Поездки молодых ветеринарных врачей Баумана и Сущинского в Саратов, их встречи с кружком Дьяковой и беседы, которые вел Бауман с окрестными крестьянами во время своих разъездов по участку, — все это, разумеется, не могло остаться незамеченным местной полицией. Работой Баумана заинтересовался не только пристав того стана, в котором находилось село Новые Бурасы, но и сам «хозяин уезда» — исправник. Бауман вскоре по приезде в Новые Бурасы заметил, что урядник что-то слишком часто наведывается к его соседям. Нередко урядник «случайно» попадался молодому ветеринарному врачу и на проселках, интересовался, куда и к кому едет Бауман. А становой пристав прямо-таки «воспылал симпатией», по его словам, к Николаю Эрнестовичу и нередко заезжал на ветеринарный пункт «побеседовать и отдохнуть». Эти «беседы» были крайне неприятны: Бауман, с его открытым, жизнерадостным характером, не переносил столь плохо скрытой слежки и сдерживался, чтобы как-нибудь во время «беседы» не высказать становому свое откровенное мнение о полиции и ее методах «уловления душ». Но становой не огорчался явной холодностью своего невольного собеседника и настойчиво продолжал непрошенные визиты.
Урядник также все чаще мелькал перед воротами ветеринарного участка, расспрашивал крестьян, о чем беседовал с ними врач во время осмотра скота. Все эти усиленные «любезности» местных властей становились в конце концов нестерпимыми. Николай Эрнестович чувствовал, что его революционная работа будет гораздо плодотворнее в центре рабочего движения — в Петербурге. Из бесед в кружке Дьяковой и из редких писем, доходивших к нему от казанских друзей, он знал, что в Петербурге в 1893–1894 годах зародилось рабочее движение. В конце 1894 года, в связи с забастовкой на Семянниковском заводе, появились подпольные листовки. Все эти вести крайне волновали Николая Эрнестовича.
Посоветовавшись со своим другом Владимиром Сущинским, Бауман глубокой осенью 1896 года решил покинуть работу ветеринара и уехать в Петербург. Его уже давно манила дорога профессионального революционера. Ускорило это решение и то обстоятельство, что губернатор не утвердил Сущинского в должности ветеринарного врача.
Друзья подали заявления об отставке и, несмотря на уговоры председателя земской управы, твердо решили уехать.
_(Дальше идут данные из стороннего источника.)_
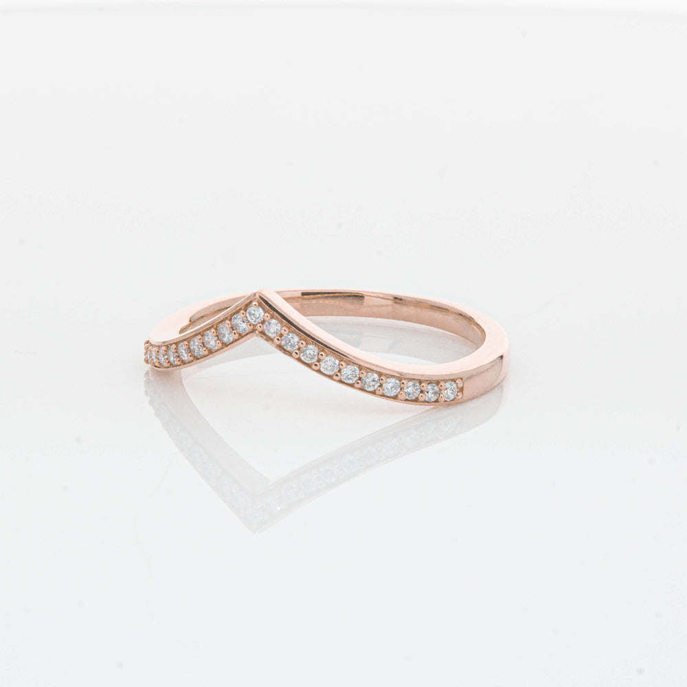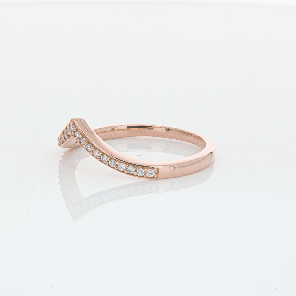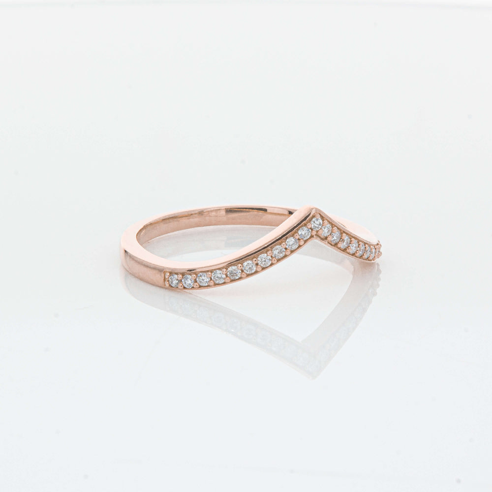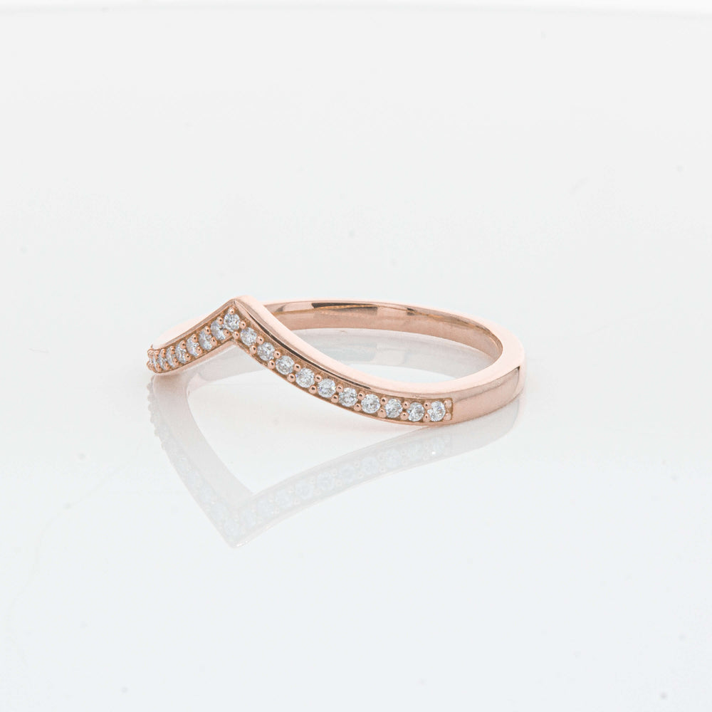 Whether on its own or as part of a ring stack, this stylish 14ct rose gold Chevron band sparkles with 21 round brilliant cut diamonds running along the gentle curve of its chevron shaped design.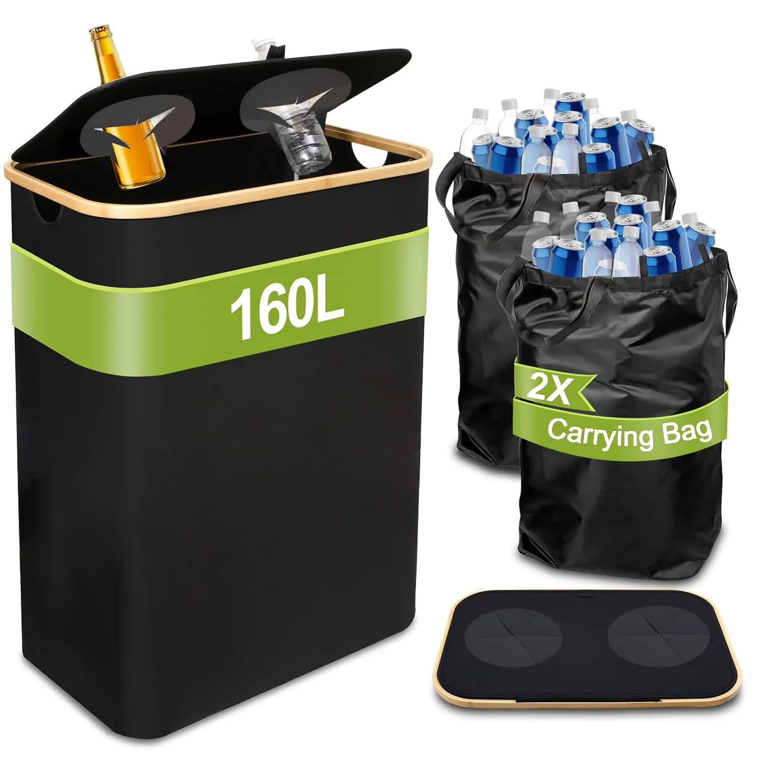 Sammelbehälter für 160-Liter-Ablagerflaschen, 2 Fächer, Aufbewahrungsflaschen mit Deckel, leere und abfallglasaufbewahrung mit Loch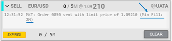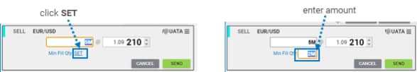 Users can set Min Fill Quantity on IOC orders sent to EBS Market. This option is available on the Order Form and, if specified, the order will be Filled for at least this quantity or else will expire as Not Filled.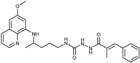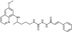 (E)-1-Cinnamoyl-4-(4-(6-methoxyquinolin-8-ylamino)pentyl)semicarbazide (7a): Compound 7a was synthesized according to the general procedure using chloride 4a (0.183 g, 1.1 mmol) and compound 6 (0.317 g, 1 mmol). After purification by column chromatography (CH2Cl2/MeOH = 95:5) and crystallization from ether/petroleum ether, pure compound 7a was obtained (0.251 g, 56%, m.p. = 188–190 °C, decomp.). IR (KBr) (cm−1): 3302, 3236, 3038, 2936, 1696, 1628, 1578, 1596, 1458, 1388, 1424, 1356, 1222, 1156, 1054, 978, 862, 822, 790, 762, 726, 678, 658, 632, 556, 488. 1H-NMR (δ/ppm): 9.75 (s, 1H), 8.54–8.53 (dd, 1H, J = 1.41), 8.09–8.06 (dd, 1H, J = 1.30, 8.25), 7.85 (s, 1H), 7.58–7.36 (m, 7H), 6.65–6.60 (d, 1H, J = 15.90), 6.48–6.44 (m, 2H), 6.28 (s, 1H), 6.13–6.10 (d, 1H, J = 8.62), 3.82 (s, 3H), 3.64 (m, 1H), 3.06–3.04 (m, 2H), 1.63–1.47 (m, 4H), 1.22–1.20 (d, 3H, J = 6.24). 13C-NMR (δ/ppm): 164.65, 158.98, 157.92, 144.61, 144.20, 139.46, 134.74, 134.67, 134.49, 129.60, 129.53, 128.92, 127.50, 122.04, 119.94, 96.07, 91.61, 54.95, 47.01, 39.02, 33.41, 26.65, 20.18. MS (ESI): m/z = 448.3 [M + H]+. Anal. Calcd. For C25H29N5O3: C, 67.09; H, 6.53; N, 15.65. Found: C, 67.37; H, 6.22; N, 15.66.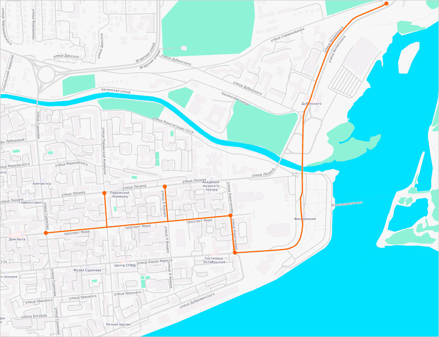 - по проспекту Мира — от ул. Сурикова до ул. Каратанова;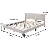 Fabricat cu precizie si conceput pentru a va imbunatati experienta de somn, acest pat este amestecul perfect de stil si functionalitate. Caracteristici cheie: Design elegant: Patul are un design elegant si modern care completeaza fara efort orice decor de dormitor. Calitate: Fabricat meticulos cu materiale de inalta calitate, patul nostru este construit pentru a rezista. Cadrul robust din lemn asigura durabilitate, in timp ce tapiteria premium adauga sau nota de opulenta.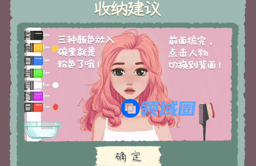 3、然后用梳子粘上粉色染发剂把头发染成粉色就可以通关了,记得背面也要染。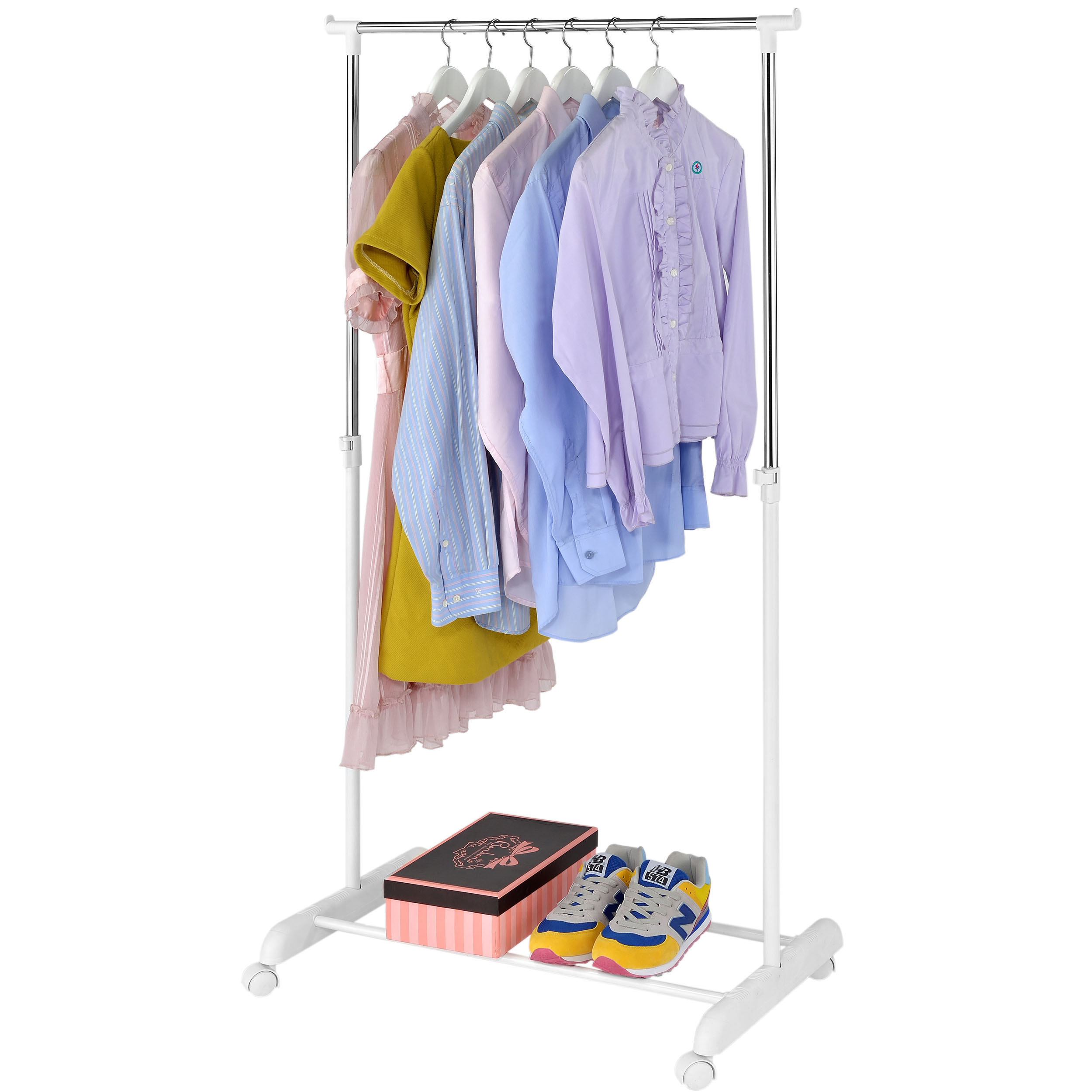 Uniwersalna, mobilna garderoba na kółkach. Lekka, praktyczna, rozkładana na wielu płaszczyznach. Pozwala zawiesić ogromną ilosć wieszaków i zaprowadzić porządek w garderobie. Nieodłączny element każdego butiku czy domowej garderoby. Często używana także w stiudiu fotograficznym i projektowym. Posiada regulowaną wysokość, kółka ułatwiające przemieszczanie wieszaka i dodatkowe zabezpieczenia na końcach wieszaka, zapobiegające zsuwaniu się odzieży.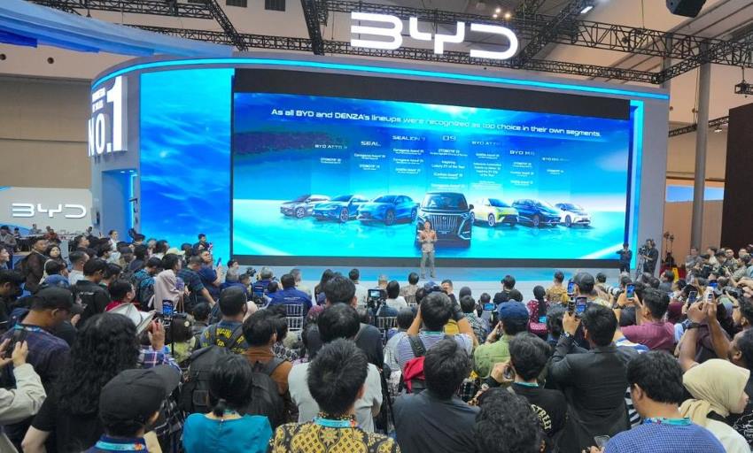NMAA News – Dalam area seluas 1,575 meter persegi di ajang pameran Gaikindo Jakarta Auto Week (GJAW) 2025, BYD menampilkan 10 unit dari 6 model EV yang mewakili kekuatan portofolionya di berbagai segmen.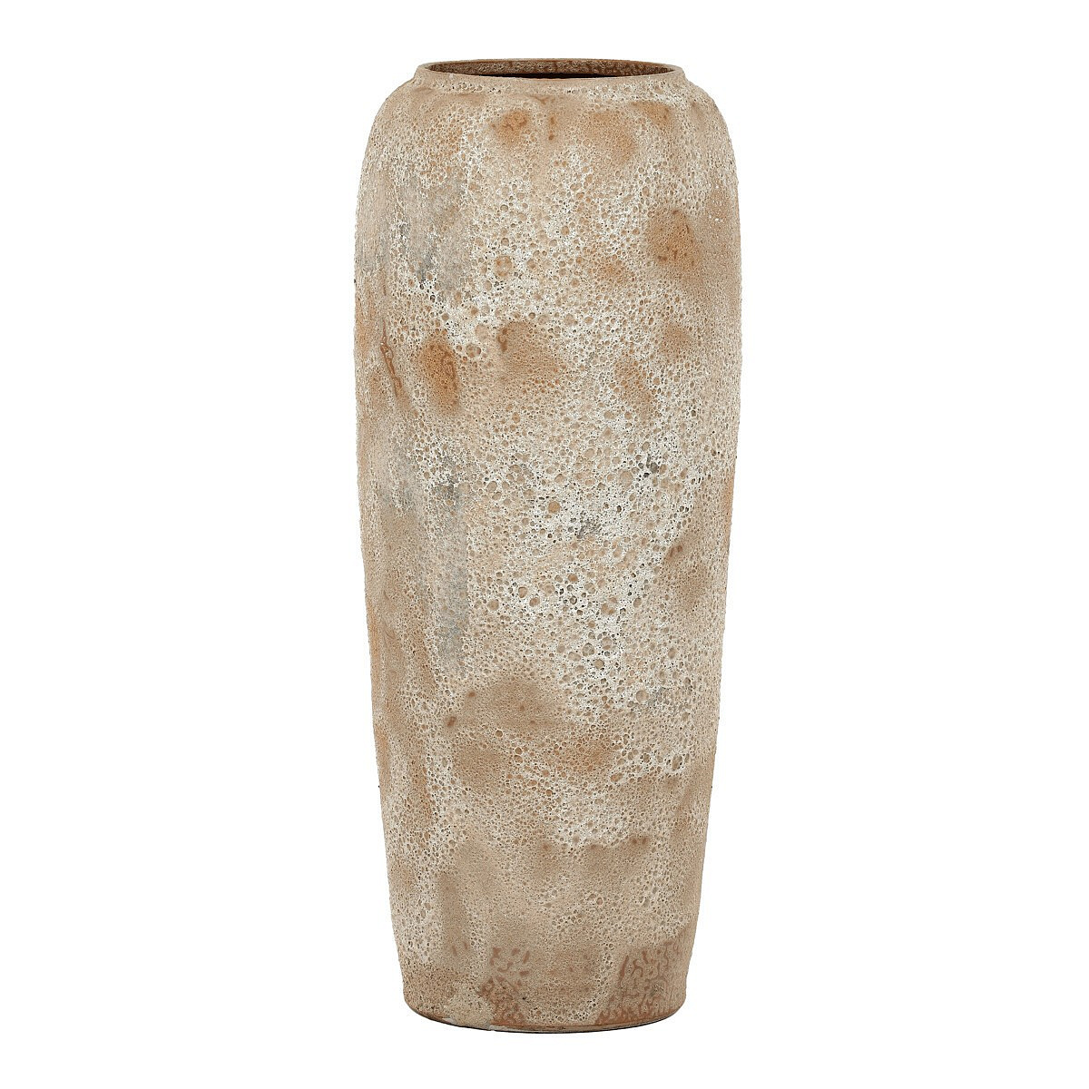 Keramická váza o výšce 90 cm v jemné světle béžové barvě připomíná tvar starověké nádoby. Mírně zaoblený design a střídání odstínů béžové až bílé dodávají váze nadčasový a elegantní vzhled. Ideální pro větší a robustnější rostliny, které se v ní budou skvěle vyjímat. Působí jako výrazný prvek v každém interiéru.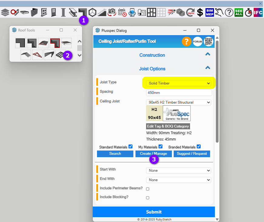 Ceiling Joist Tool & create a metal batten material as a joist (I’d do it under the Solid Timber joist type).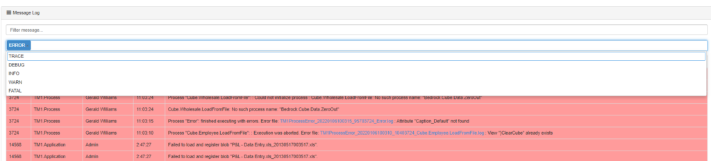 Pulse enables you to filter the list by error type such as showing only the ERROR:
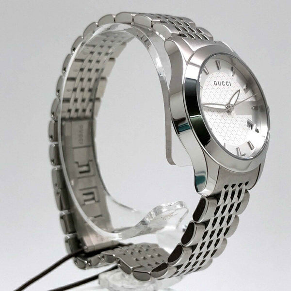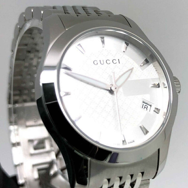 GUCCI G Timeless Quartz 126.5 Stainless Steel Battery-Operated Women\'s Watch with Date Display, 3 Hands, Silver, Mikunigaoka Store, ITT5QU506048 RM0186T

К обязанностям ветеринарного врача Бауман относился горячо, «с душой»: в архиве сохранилась благодарность земской управы «ветеринарному врачу Н. Э. Бауману за усердную и полезную деятельность на участке». Но Николай Эрнестович справедливо полагал, что его деятельность будет гораздо полезнее среди петербургских рабочих. Скромный и нетребовательный в личной жизни, молодой ветеринарный врач сумел скопить небольшие сбережения; к моменту отъезда из Бурас в Петербург у Баумана было около 500 рублей. На эти средства и решили жить оба друга в Петербурге до приискания «работы по душе».